Гарри молчал. Почему-то слышать это было тяжело. Он давно научился абстрагироваться от историй клиентов, но сейчас просто не мог этого сделать в полной мере. Возможно, зря он согласился их вести. Может, стоило передать их другому специалисту — все же он слишком лично воспринимает то, что они рассказывают. Но нет, сейчас уже поздно. Надо держаться и работать дальше.
— Кажется, я вас понимаю. Вам не хватает поддержки вашей супруги.
— Да! Она считает, что я занимаюсь игрушками и только ее работа важна. А как по мне, то дарить радость другим важнее, чем министру сопли подтирать.
— Думаете, таким образом невозможно дарить радость? — пошутил Гарри.
Рон подозрительно посмотрел на его лицо.
— Но не министру же! Лучше дарить радость детям... студентам... студенткам, — Рон понял, что сказал, и сам захохотал. Гарри улыбнулся, узнавая наконец легкий характер приятеля: как быстро тот переключился! Конечно, те события были давно, но все равно в его голосе была слышна боль — Гарри не был уверен, что Рон научился с ней жить. Гарри не был до конца уверен, что сам научился.

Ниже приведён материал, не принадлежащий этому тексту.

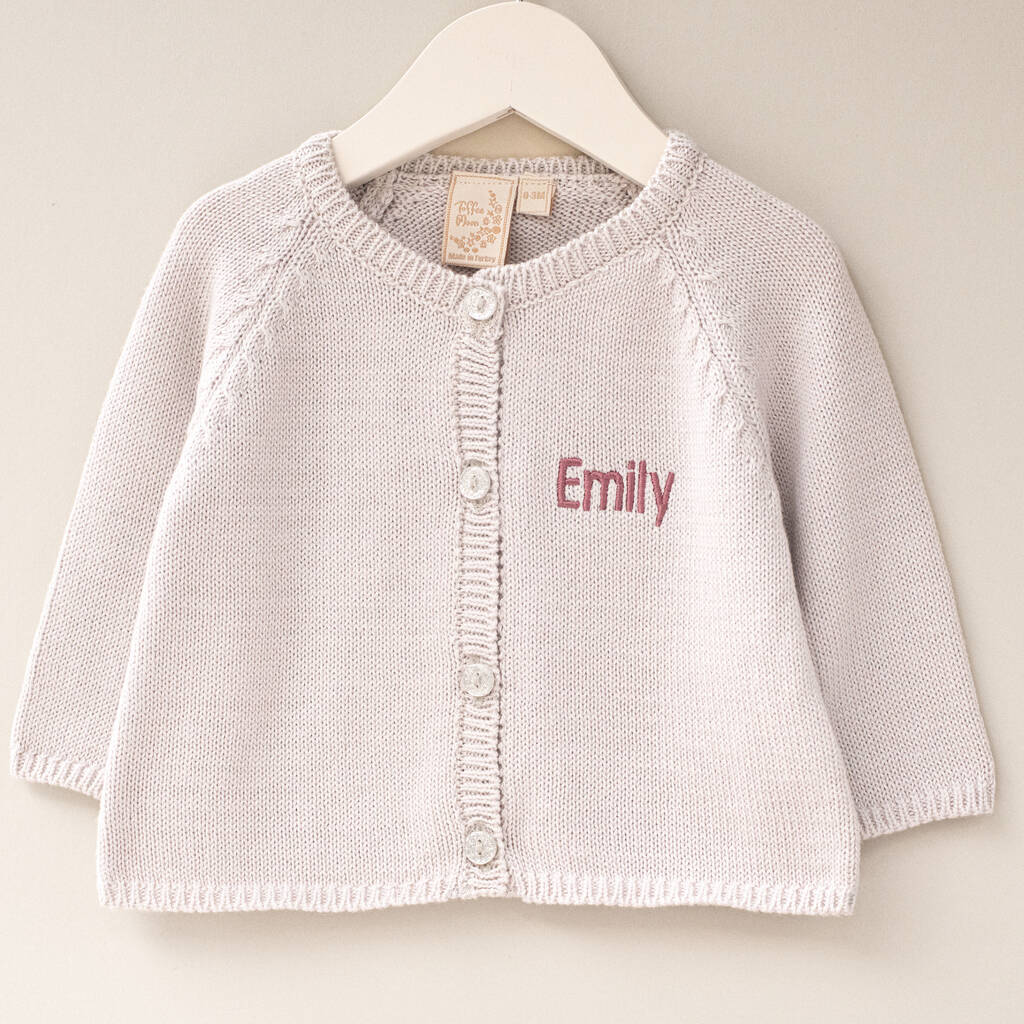 Add even more twinkle! Our little cardigans can also be personalised with simple initials in sparkley silver thread (up to 3 letters).

— А вы не думали, что она так себя ведет, потому что ревнует? — аккуратно поинтересовался он.
— Вы что, серьезно? Да к кому? — Рон фыркнул.
— Я имел в виду студенток, которым вы хотите дарить радость, — Гарри едва сдерживал язвительные нотки.
— А... это, — Рон заметно смутился. — Ну, мне, конечно, приятно, что они ко мне приходят и строят глазки... Но я серьезный женатый человек! Моя жена не из тех, кто ревнует по такому глупому поводу, как флирт с покупателями. Я же делаю все это в память о Гарри.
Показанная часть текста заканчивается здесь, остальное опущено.